After much speculation and worry about the new mortgage rules that came into effect on January 1, 2018, it appears that plenty of hopeful homebuyers still intend to buy a home.

We took to Facebook to ask our followers if they still plan to purchase in 2018, in spite of the new mortgage rules. Eighty per cent said they do, while 20 per cent are delaying their move.

Ultimately, the decision to buy a home is a very personal choice that depends on a number of factors, such as finances, future plans and comfort level. The good news is, professionals like real estate agents, mortgage brokers and even some real estate lawyers are usually willing to consult with you and give you advice before you dive right in.

To help you get started, here are the top 5 questions to ask when buying real estate, to help you determine if you’re making the right move.

Do I earn enough money?

In order to buy a home, you’ve got your up-front costs, which can include things like your deposit, downpayment, home inspection and appraisal fees, property insurance, Land Transfer Tax, title insurance, legal fees and moving expenses.

Then, there are your ongoing costs that include property tax, regular maintenance, condo fees and utilities.  If you’re saving some money up-front by buying a fixer-upper, also factor in renovation costs.
 

 

 

 

Do I have too much debt?

Lenders evaluate your costs versus income to determine your mortgage qualification.  Your Gross Debt Service ratio is your housing costs (mortgage principal and interest + property taxes + heat + 50% of your condo fees, if applicable) divided by your pre-tax income.  The result should be 32 percent or less.

Then, lenders look at your Total Debt Service ratio: all debt (GDS + car payments + alimony + other loans + the remaining 50% of your condo fees) divided by your pre-tax income.  This should be less than 40 percent.

 

 

 

Am I secure in my job?

Think about this honestly.  Is business bustling?  Is the industry on an upward or downward trend?  Are you comfortable with the financial commitment of home ownership?

Speak to your supervisor to get some additional insight.  Mortgage lenders like to see stable employment, and you’ll need to provide proof of income in the form of an employment letter or current pay stub, your position and length of employment, and if you’re self-employed, Notices of Assessment from the Canada Revenue Agency for the past two years.

 

 

 

Am I sticking around?

Historically, real estate has been a great long-term investment.  Ask your parents how much they paid for their home 30 years ago, and compare that to the home’s value today.  On the other hand, a quick sale can mean financial losses if the home’s appreciation doesn’t surpass closing costs, which are estimated at 1.5 to five percent of a home’s value.

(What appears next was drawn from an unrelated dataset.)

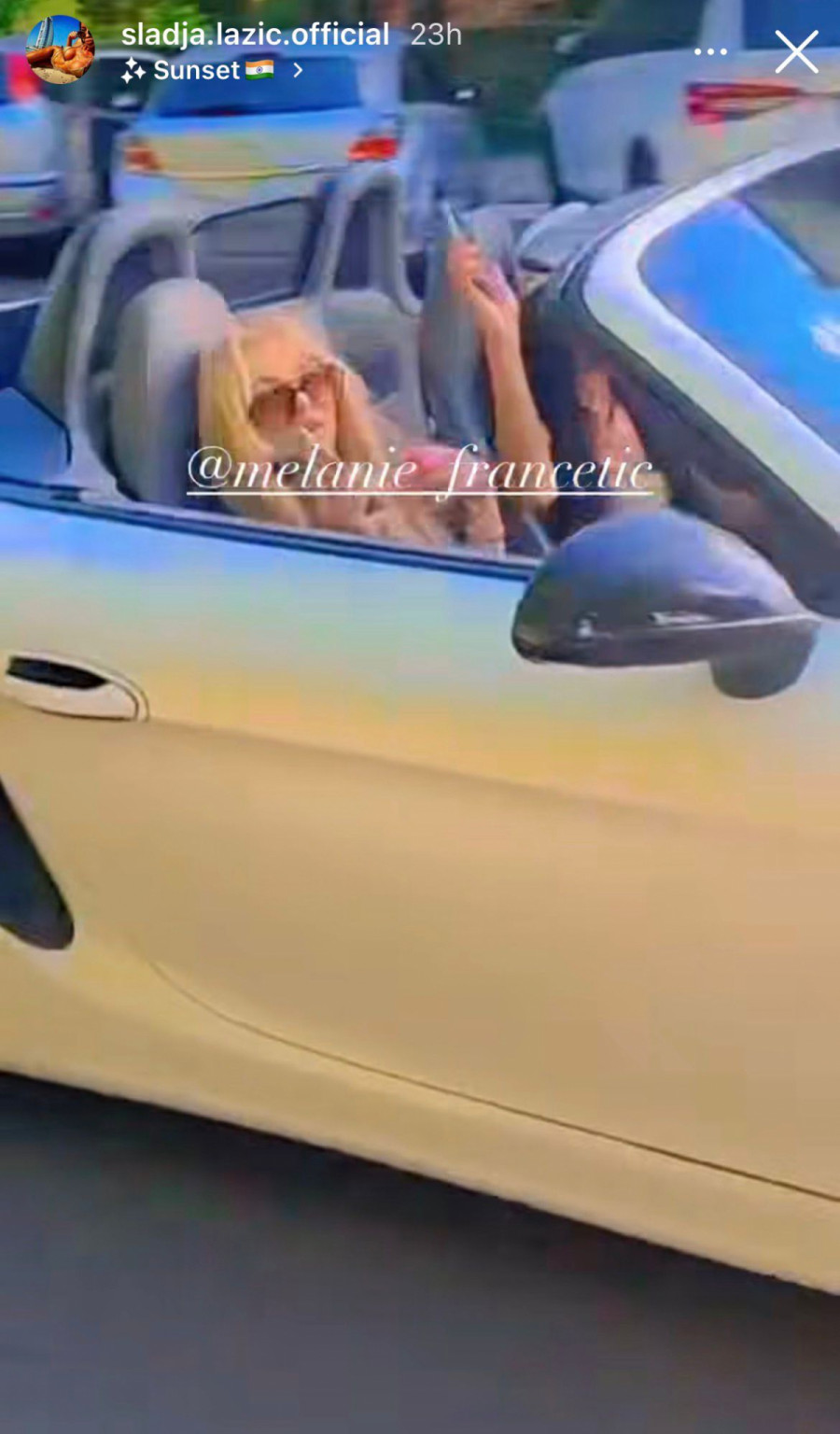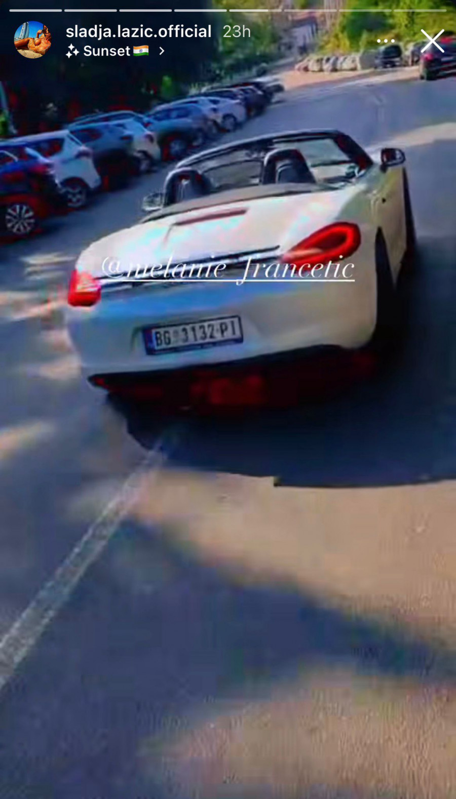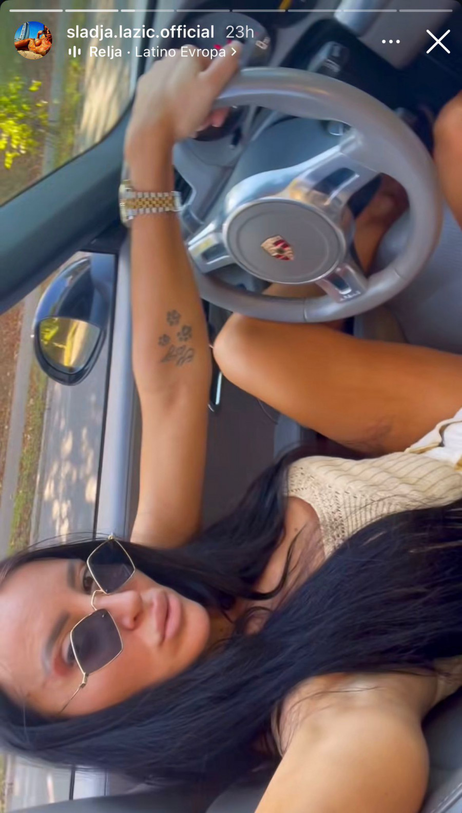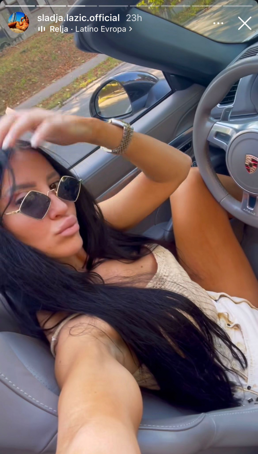 Slađa je u kratkom šortsu upravljala kaprioletom marke Porše Bokster čija se vrednost kreće do 50.000 evra za starije modele, i do 100.000 za one novije.

Typically, the magic number to stay in the home before putting it back on the market is five years – hence the five-year plan.

 

 

 

Do I want to buy a home?

People buy homes for a slew of different reasons.  Home ownership is a method of forced savings for retirement and future generations, while also fulfilling the basic need of providing you shelter.  It’s also a great source of pride for many.

It’s a place to live, but also the lifestyle that comes with it.  What does “livability” mean to you?  Picture yourself in five years.  Do you plan to relocate at some point?  Where will you work?  What’s your family structure?  Then, consider how home ownership fits into that vision.

 

 

Final thoughts

Home ownership is a huge financial and emotional commitment, and a decision not to be made lightly. Indeed, there are lots of questions to ask when buying real estate. The key is being honest about the answers. Then, when you’re ready to make your move, work with a team of professionals like a financial expert, lawyer, and a real estate agent you trust, that can help make your dream of home ownership a reality.